Dış ticaret açığımız, şubat ayında yüzde 135,5 artarken, Ocak-Şubat dönemin de ise yüzde 183,3 oranında artmış

HEDEFLENEN

Dış ticaret açığından, dış ticaret fazlası verecek bir ülke olma amacı, bırakın fazla vermeyi hatta dengeye gelmeyi hatta ve hatta 2021 yılı ile karşılaştırıldığında dış ticaret açığındaki artış oranı nerdeyse yüzde 200’lere dayandı.

NİCELİK OLARAK İHRACAT ARTIYOR AMA

Nitelik olarak 2013 yılının çok ama çok gerisindeyiz. 2013’ten bu yana en düşük dış ticaret haddi ise ocak ayında yüzde 72,8 olarak gerçekleşti.

YANİ

İhracat fiyatlarımız düşerken, ithalat olarak aldığımız ürünleri pahalıya alıyoruz. Dış ticaret kompozisyonunu bu bağlamda değerlendirirsek maalesef ki yerlerde sürünüyoruz.

ERKEN UYARI

Her ne kadar nicelik olarak ihracat artışları ile övünsek bile yakın zaman içerisinde ihracatımızda düşüşler gerçekleşecektir. Bunun özellikle altını çizmek gerekir. Yani övündüğümüz nicelik tersine işleyebilir.

ANLAŞILAN

Rekabetçi kur dedikleri durum ve düşük faiz politikası ile yüksek döviz kuru dış ticaret kompozisyonunu olumsuz yönde bozuyor. Bunlardan;

  1. Dış ticaret açığı rekora gidiyor
  2. Nicelik olarak ihracat artıyor ama ithalat ihracatın 2 kat daha fazla artıyor
  3. İhracat fiyatlarımız düşerken, ithalatımız daha da pahalı hale geliyor
  4. Maalesef ki bu durum sürdürülebilir değil.

TÜRKİYE EKONOMİ MODELİ

Eğer ki düşük faiz den hareketle oluşuyorsa (yüzde 14 düşük müdür? Ayrı bir tartışma)

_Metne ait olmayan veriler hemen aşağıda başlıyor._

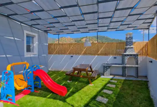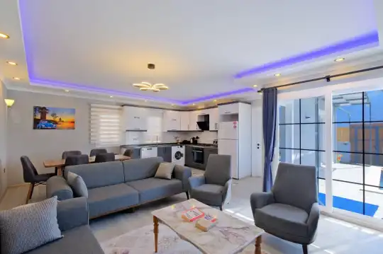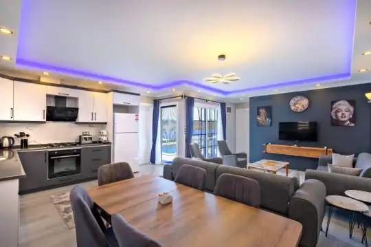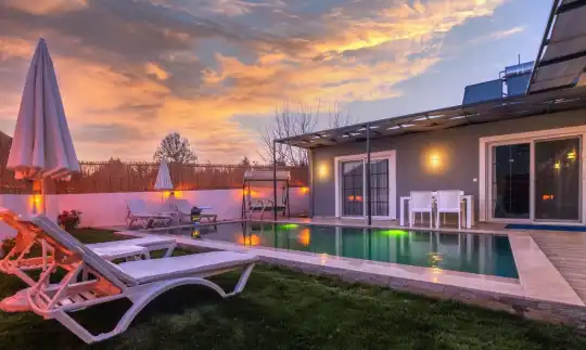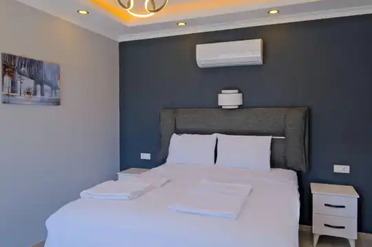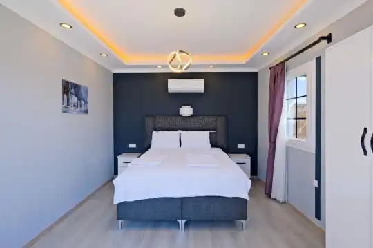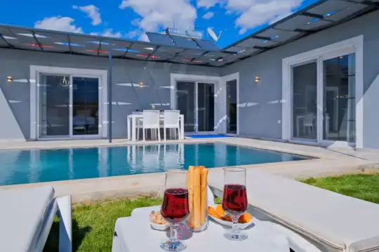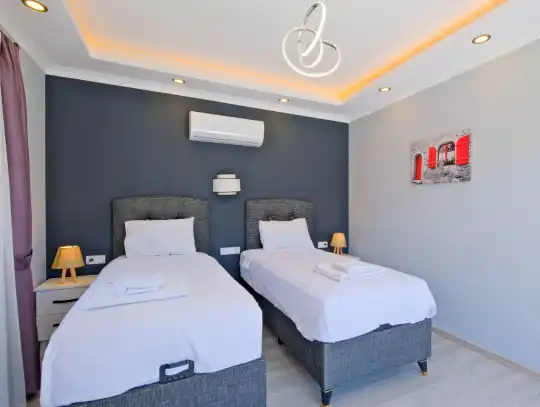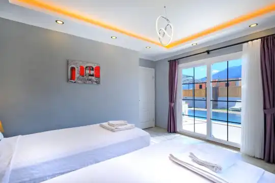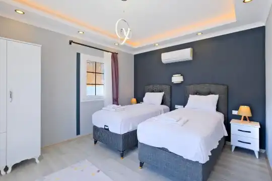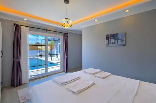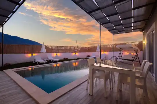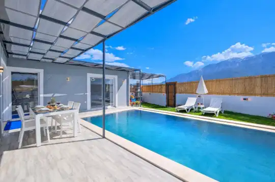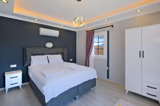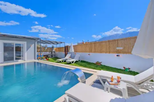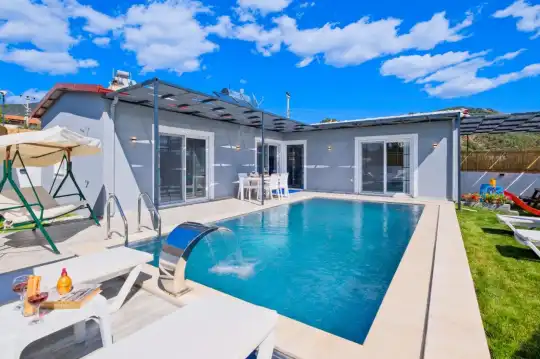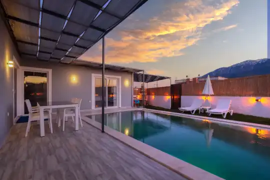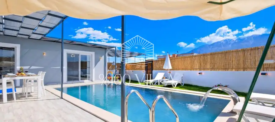 Fethiye’de bulunan 2 yatak odalı Villamız, Villa Altın 2, 4 kişi konaklamaya sahip olup, özel havuzlu ve deniz manzaralıdır. Fethiye’nin Yeni popüler villa kiralama bölgesi olan Karaçulha’da bulunan villamızın etrafı zeytin ağaçları ile çevrilidir. Odaları ve salonu gayet modern ve keyifle döşenmiş olan villamızın, Manzarası eşsizdir. Korunaklı havuz ve bahçe alanı ile dış gözlerden uzak tatilini geçirmek isteyenler ve mutaassıp aileler için oldukça ideal kiralık villa seçenekleri arasında yer almaktadır .

  • Bankalara verilen faiz yüzde 14 iken, diğer faizlerin hepsi yüzde 14’ten çok fazla ise hem tüketici faizleri hem de işletme faizleri hem de devletin borçlanma faizleri yüzde 14’ün çok ama çok üstündeyse
  • Yüksek kur, dış ticaret dengesini düzeltmiyor ve tam tersine daha da bozuyorsa
  • Cari açıkta bir düzelme meydana gelmiyorsa
  • Yüksek kur ile yüksek oranda enflasyon ithal ediyorsak
  • ÜFE (Üretici Fiyat Endeksi) 3 haneli rakamlara yani yüzde 100’ün üzerine çıkmışsa
  • Bir de bunun üzerine Kur Korumalı TL Mevduat Hesapları ile firmaların aldıkları faiz ve kur farkından kaynaklanan kazançlarını vergi dışı bırakırsan (paradan para kazanma)
  • Faizdeki paraya kur farkı ödeyip, bunu vergiden muaf bırakıp, tersine üreticiyi doğalgaz zamları ile (en son geleni yazalım yüzde 50) ve elektrik maliyetleri ile üzerine yük bindirirsen
  • Buradan hareketle paradan para kazanma cazip hale gelir ve üretim, aşırı maliyetlerden dolayı cazibeden çıkarsa o zaman “nerede bu üretime dayalı ekonomi modeli?” diye sorulmaz mı?

Hükümetler, yanlış politikalar uygulayabilir, bunun maliyeti büyümeden yeni politika kararları alınabilir. Ama yanlış politikada ısrar edilirse, bu durum kendi içinde bir kısır döngüye girer ve ileride mecburen alınacak olan doğru politika kararları da durumu düzeltmeye kısa ve orta vade de yetmeyebilir.

SONUÇ: Zararından neresinden dönersen kardır.